Q&A Friday – August edition

On the last Friday of each month, Real People, Real Q&A will be featured as a recap of the lessons learned and coaching notes given to individuals with a career question.

August edition index

In this issue: Resumes, Career Advice and Changing Careers.

Job Seeker/Resumes: Do show failures and short-term positions held

Is it okay to mention my failed startup on my resume?

Yes! Failures are perfect stories for lessons learned. Find the silver lining from hardships you may have experienced and let that be part of your exciting, self-directed narrative through your unique career journey. You’re human and making an attempt at starting something on your own shows your self-reliance and determination, even if it didn’t turn out quite as you had planned.

What is a good way to represent a job that you left after 3 months on a resume?

Great news for you – resumes don’t have to be so chronological A-B. Building a more narrative-based resume will save you the headache of displaying short-term experience. You may also hear the term “functional resume” which is showing your skill sets and experiences in a grouped way according to your functional expertise.

A resume should reflect the truth as well, so be prepared to answer those tough questions easily and with grace. You’ll need to uncover the positive and the lessons learned from your short-lived jobs. (See related A Stronger Way to Describe Your Work Experience). Be confident of being in the driver’s seat of your career from this point on.

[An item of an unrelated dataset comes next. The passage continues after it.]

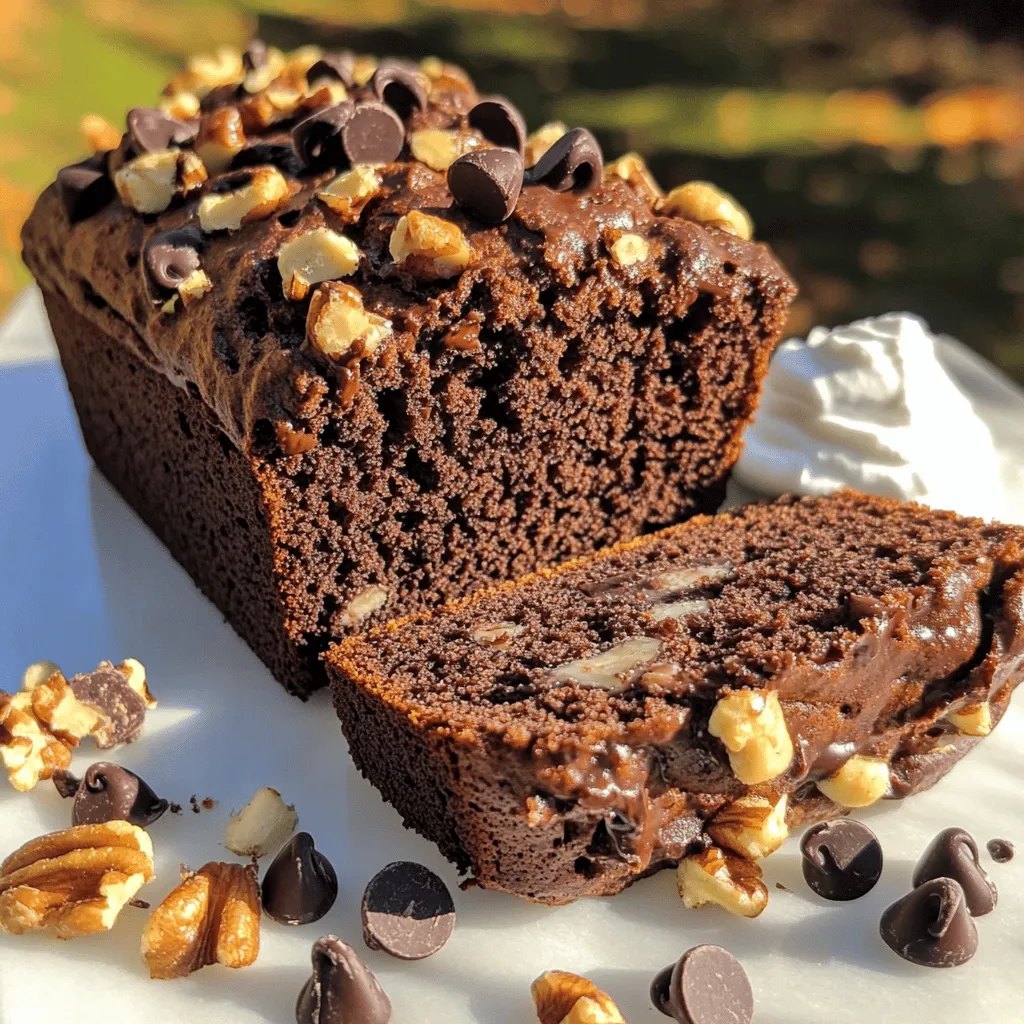 To make healthy chocolate banana bread, you need simple and wholesome ingredients. Here’s what you will need: - 3 ripe bananas, thoroughly mashed - 1/4 cup unsweetened applesauce - 1/4 cup honey or maple syrup (your choice for sweetness) - 1/2 cup Greek yogurt (plain) - 2 large eggs, at room temperature - 1 teaspoon pure vanilla extract - 1 1/2 cups whole wheat flour - 1/3 cup unsweetened cocoa powder - 1 teaspoon baking soda - 1/2 teaspoon baking powder - 1/4 teaspoon fine sea salt - 1/2 cup dark chocolate chips (optional, but highly recommended) - 1/4 cup chopped nuts (such as walnuts or almonds, optional) Using ripe bananas is key. They add natural sweetness and moisture. Applesauce also helps keep the bread moist while cutting down on added fats. Greek yogurt boosts protein and gives a nice texture. Whole wheat flour adds fiber, making this bread a healthier choice. You can customize your bread with dark chocolate chips or nuts. Both add extra flavor and texture. For the full recipe, check out the [Full Recipe]. First, preheat your oven to 350°F (175°C). This temperature helps the bread bake evenly. While the oven heats, prepare your loaf pan. You can grease a 9x5 inch loaf pan with cooking spray. Alternatively, line it with parchment paper. This will make it easier to remove the bread later. In a large mixing bowl, mash your ripe bananas until smooth. You need about three ripe bananas. Then, add 1/4 cup of unsweetened applesauce. Next, add 1/4 cup of honey or maple syrup for sweetness. Include 1/2 cup of plain Greek yogurt and two large eggs, which should be at room temperature. Add 1 teaspoon of pure vanilla extract as well. Mix all these ingredients thoroughly until the mixture is smooth. In a separate bowl, whisk together the dry ingredients. You will need 1 1/2 cups of whole wheat flour and 1/3 cup of unsweetened cocoa powder. Also, add 1 teaspoon of baking soda, 1/2 teaspoon of baking powder, and 1/4 teaspoon of fine sea salt. Make sure all dry ingredients are mixed well. Now, carefully add the dry ingredients to the wet banana mixture. Use a spatula or wooden spoon to stir gently. Mix until just combined. Avoid overmixing, as this can make the bread tough. The batter should be slightly lumpy. If you want to add extra flavor, fold in dark chocolate chips and chopped nuts. Use 1/2 cup of dark chocolate chips and 1/4 cup of chopped nuts, like walnuts or almonds. Ensure they are evenly distributed throughout the batter for a tasty bite every time. Transfer the batter to your prepared loaf pan. Use a spatula to smooth the top for an even bake. Place the loaf pan in the preheated oven. Bake for 50-60 minutes. To check for doneness, insert a toothpick into the center. It should come out clean or with a few moist crumbs. Once baked, let the bread cool in the pan for about 10 minutes. Then, transfer the banana bread to a wire rack to cool completely. You can find the Full Recipe for more details. To make your healthy chocolate banana bread truly moist, use ripe bananas. Ripe bananas are sweet and soft. They add natural sweetness and moisture to your bread. The darker the skin, the better! Adding yogurt and applesauce also helps. Greek yogurt gives a creamy texture and extra protein. Applesauce adds moisture without added fat. Together, they keep your bread soft and tasty. Some common mistakes can ruin your bread. One big mistake is overmixing the batter. When you mix too much, the bread can become tough. Mix just until you see no dry flour. Another mistake is not measuring ingredients correctly. Use measuring cups and spoons for accuracy. A little too much flour or sugar can change the taste and texture. You can easily enhance the flavor of your banana bread. Adding spices like cinnamon or nutmeg can bring warmth. A splash of almond or coconut extract adds a delightful twist too. If you like your bread sweeter, adjust the sweetness level. You can add more honey or maple syrup. Just remember to keep it balanced so it doesn’t overpower the chocolate. For the full experience, check out the Full Recipe to enjoy this treat! {{image_4}} You can make this banana bread vegan. Start by replacing the eggs. Use 1/4 cup of ground flaxseed mixed with 1/2 cup of water. This mix acts like eggs, binding the ingredients. For yogurt, use a plant-based option like almond or coconut yogurt. Sweeteners also matter. Instead of honey, opt for maple syrup or agave nectar. These keep the bread sweet and delicious without any animal products. For those who need a gluten-free option, choose suitable flours. Almond flour or oat flour works well. You can also use a gluten-free all-purpose blend. If you switch flours, adjust the recipe slightly. Add a bit more liquid or an extra banana to keep the bread moist and fluffy. This helps achieve the right texture, so your bread is still tasty. Want to spice things up? Add some cinnamon or nutmeg to the batter. These spices bring warmth and depth to the flavor. You can also mix in different types of chocolate. Use milk chocolate or white chocolate chips for a sweet twist. Each variation adds a unique touch. With these options, you can enjoy a new taste every time you bake. To keep your healthy chocolate banana bread fresh, store it properly. Allow the bread to cool completely after baking. Then wrap it in plastic wrap or aluminum foil. This helps keep moisture in and prevents it from drying out. You can also place it in an airtight container. A container with a tight lid works best. If you want to save some banana bread for later, freezing is a smart option. Slice the bread into pieces before freezing. This makes it easy to grab a slice when you want one. Wrap each slice in plastic wrap. Then, place the wrapped slices in a freezer bag. Make sure to remove as much air as possible before sealing. When you are ready to enjoy your banana bread, you can thaw it easily. Place the slice in the fridge overnight. If you're in a rush, use a microwave. Heat it on low for about

Work Life Balance: Do realize why you’re working weekends

How do I avoid working weekends?

Are you asked to work weekends or do you feel you need to work weekends? It’s tough to be in this situation. I worked in consulting, and software prior to that were I was really only asked to work a handful of times (cutover weekends come to mind). You need to ask yourself if this working weekends is because of your drive and work ethic or is it part of the company culture?

Working overtime is rarely the result of an individual’s productivity but a long-term trend in leadership that shows poor planning and managing skills. If you’re burned out and finding little energy left to climb out of bed to go into work on Saturday, something needs to change.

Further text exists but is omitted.